The US Senate is once again discussing cryptocurrency and decentralized finance (DeFi) regulation, proposing a new bill. Participants in the crypto market express concerns about lawmakers' approach to this topic.
DEF's Position in Response to the Bill
This week, the Decentralized Finance education fund (DEF), backed by major crypto players such as a16z Crypto and Uniswap Labs, submitted a response to the Senate Banking Committee. The group is not opposing DeFi regulation but insists that decentralized developers should not be treated like central banks.
The Difference Between DeFi and Traditional Financial Institutions
The biggest concern is that lawmakers do not fully understand the difference between DeFi and traditional finance. DEF argues that developers who write open-source code for decentralized protocols should not be placed on the same level as financial companies handling customer funds. The group urges the Senate to adopt four key principles to ensure adequate regulation.

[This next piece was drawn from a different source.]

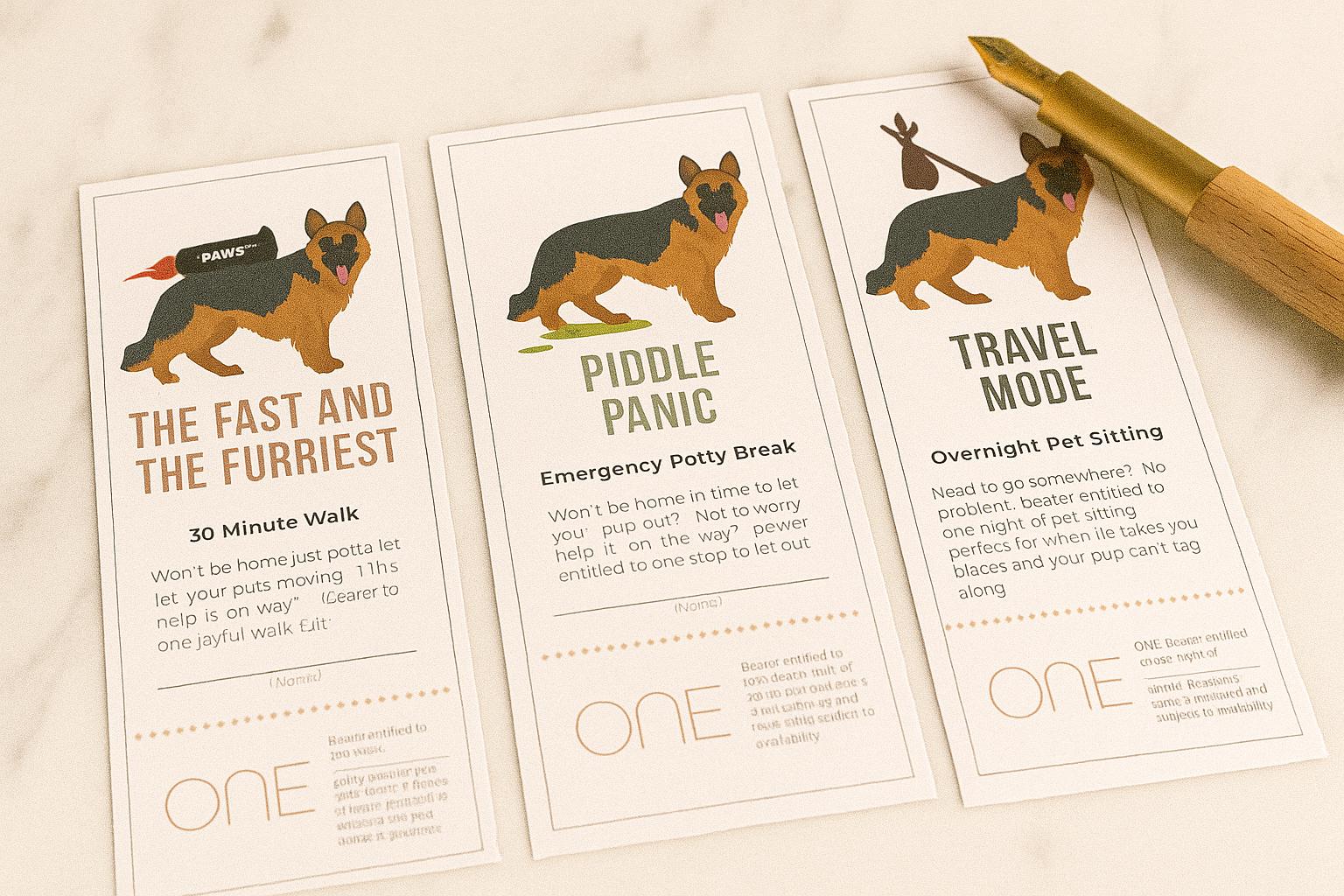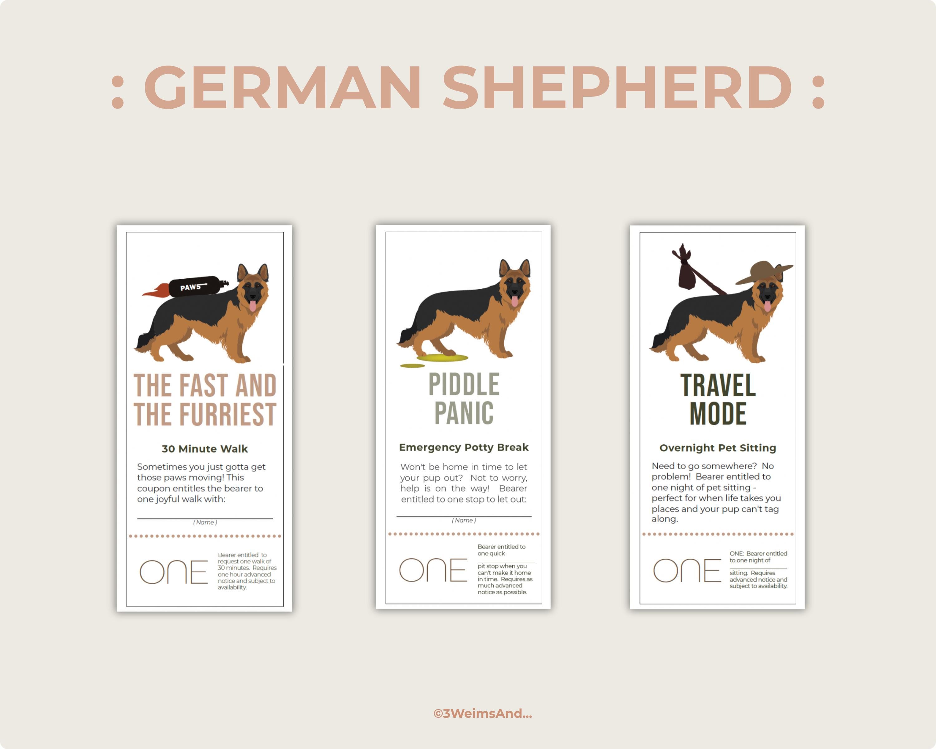 Do you secretly love taking care of your best friend’s dog? Then this gift is not only for them — it’s for you too! Give a thoughtful, “for the dog” gift with this editable German Shepherd Dog Coupon set — perfect for dog walking, pet sitting, and puppy care surprises. This printable voucher makes an adorable dog lover gift, sitter thank-you, or last-minute appreciation gift you can personalize and print at home.

State-level Regulation Issues
The issue of state-level law also creates problems. Currently, DeFi regulation varies from state to state, opening the door for large financial institutions to target projects by supporting stricter enforcement in states where it benefits them. DEF insists that federal law should override state rules for creating a clear and consistent national standard.
The Senate Banking Committee has welcomed DEF's feedback, but whether this will lead to real changes in the bill remains to be seen in the coming weeks. How the US handles DeFi regulation this year will shape the industry's future for years to come.